A Igreja é caridade por participação. Só Deus é caridade e vive esta realidade do seu ser na unidade das relações entre as três pessoas divinas. São relações pautadas pelo amor de doação incondicional, autêntica fonte de vida a transbordar e a comunicar-se. Jesus, o Deus humanado, desvenda “a ponta do véu” e abre o acesso a esta fonte insondável. E deixa a Igreja como sinal e instrumento (sacramento) que vive e transmite o que Ele mesmo testemunha: Deus é amor de misericórdia compassiva que intervém na história humana de muitos modos e em todas as épocas. Vive e realiza connosco. É a caridade em dinamismo de salvação libertadora.
A Igreja caridade tem aqui a sua matriz e o seu rosto. Ouso fazer-me peregrino no seu interior e realçar alguns marcos irradiantes que assinalam o seu caminho actual “entre as tribulações do mundo e as consolações de Deus” (Santo Agostinho). Outros se poderiam facilmente apontar.
Antes de mais, surgem as formas de relacionamento entre as pessoas, em todos os âmbitos da organização eclesial, de modo a que a sua instituição faça brilhar o amor com Deus nos ama. Incluem-se nesta dimensão, pelo seu especial significado, aqueles e aquelas que desempenham uma “função” especial no povo de Deus: bispos, padres, diáconos, religiosos/as e leigos/as, designadamente os que realizam o “ministério conjugal”. É um conjunto que faz brilhar a mesma caridade à maneira de poliedro, como gosta de dizer o Papa Francisco. “Vede como eles se amam” diziam admirados os que viam o estilo de vida dos cristãos nas primeiras comunidades.

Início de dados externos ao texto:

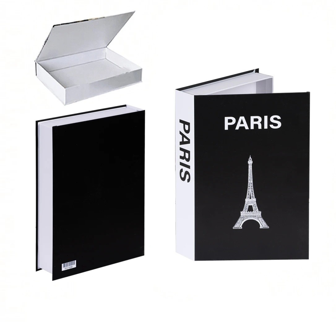 Dekorativní falešná kniha PARIS Otevíratelná skrýš s úložným prostorem Tajná schránka do knihovny Černo bílý design Eiffelova věž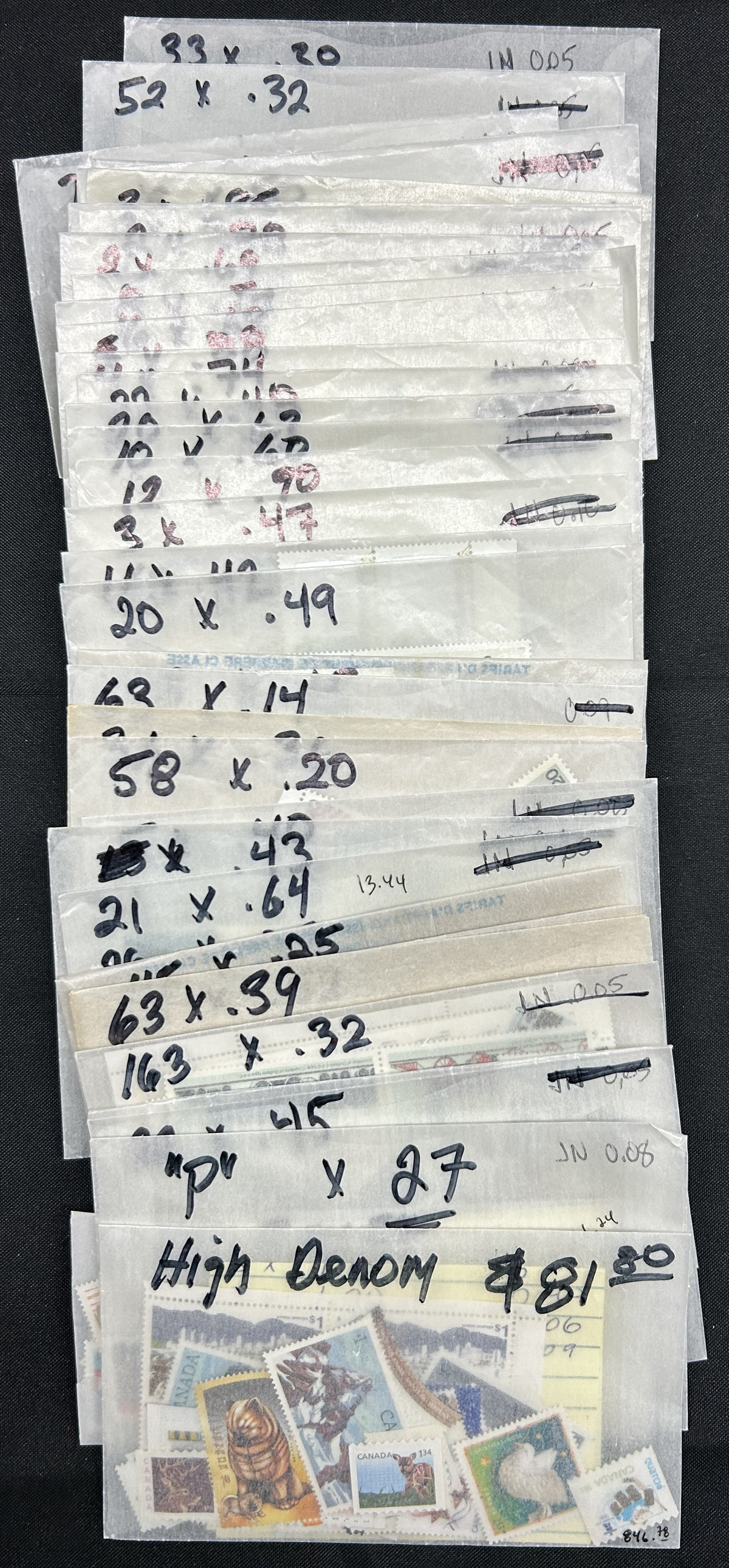 619 nh   imageBox of Mostly Sorted Postage, with a good proportion in glassine envelopes sorted by Scott # (443 to1288) plus a good quantity of 39c to 45c values in blocks of four, and more loose modern items such as souvenir sheets, etc., up to $5 values. We note a few hundred "P" stamps (which were counted at only $1 each) for a total of over $1,350. (Scan 1) (Scan 2) (Scan 3) (All Scans) (All Images)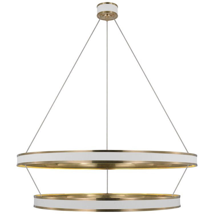 Connery 50" Two-Tier Ring Chandelier in Matte White and Antique-Burnished Brass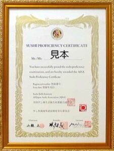 Those who complete the course and pass the exam will receive a Sushi Skills Institute certificate (Sushi Advisor certificate) issued by the Sushi Knowledge Overseas Certification System (AJSA) of the National Federation of Sushi Retailers and Health Industry Associations.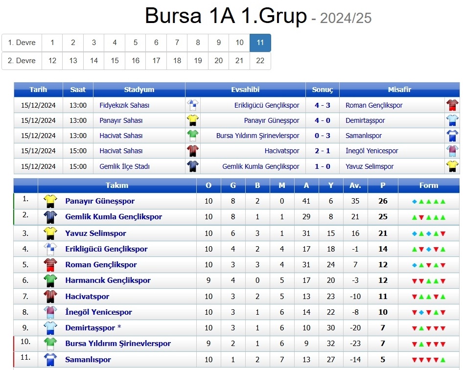 1. Grup’ta bulunan Roman Gençlik, 11. haftada deplasmanda karşılaştığı Erikligücü’ne 4-0 mağlup oldu. 11 takımlı grupta ilk devreyi 12 puanla 5. sırada tamamlayan kırmızı-siyahlı takım, 3 galibiyet, 3 beraberlik ve 4 yenilgi alırken,  31 gol atıp, 24 gol yedi.  Roman, 12. haftada Hacivat’a konuk olacak.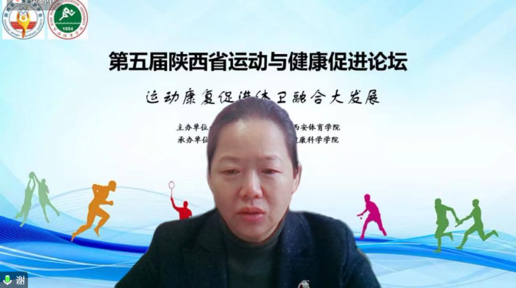 本网讯 在建设体育强国和健康中国的大背景下,为推动我省体育事业高质量发展,助力健康陕西建设,近日,第五届陕西省运动与健康促进论坛在线上成功举办。我校副校长谢英、陕西省体育科学研究所所长高治国、陕西省体育科学学会秘书长赵升、教务处处长张葆欣以及运动与健康科学学院党委书记刘勇、院长刘涛等出席会议。来自陕西师范大学、陕西省康复医院、空军军医大学西京医院、陕西省人民医院、西安市红会医院、陕西中医药大学、陕西省体科所、久久不卡区的11名专家从不同方面、围绕本次会议主题“运动康复促进体卫融合大发展”做了精彩的报告。本次论坛由陕西省体育科学学会和久久不卡区主办,我校运动与健康科学学院承办。

A realidade actual, iluminada por este foco de luz, evidencia o caminho andado e, ainda mais, o que falta percorrer. É “tarefa” mobilizadora de quem sente a urgência de fazer brilhar a luz acesa para que todos vejam as boas obras e dêem glória ao Pai do Céu. É proposta e apelo que, após o Vaticano II, se faz mais interpelante e o Papa Francisco impulsiona pelo estilo de vida, pelas atitudes, pelo magistério e pelas reformas implementadas. E com ele tantos outros, felizmente!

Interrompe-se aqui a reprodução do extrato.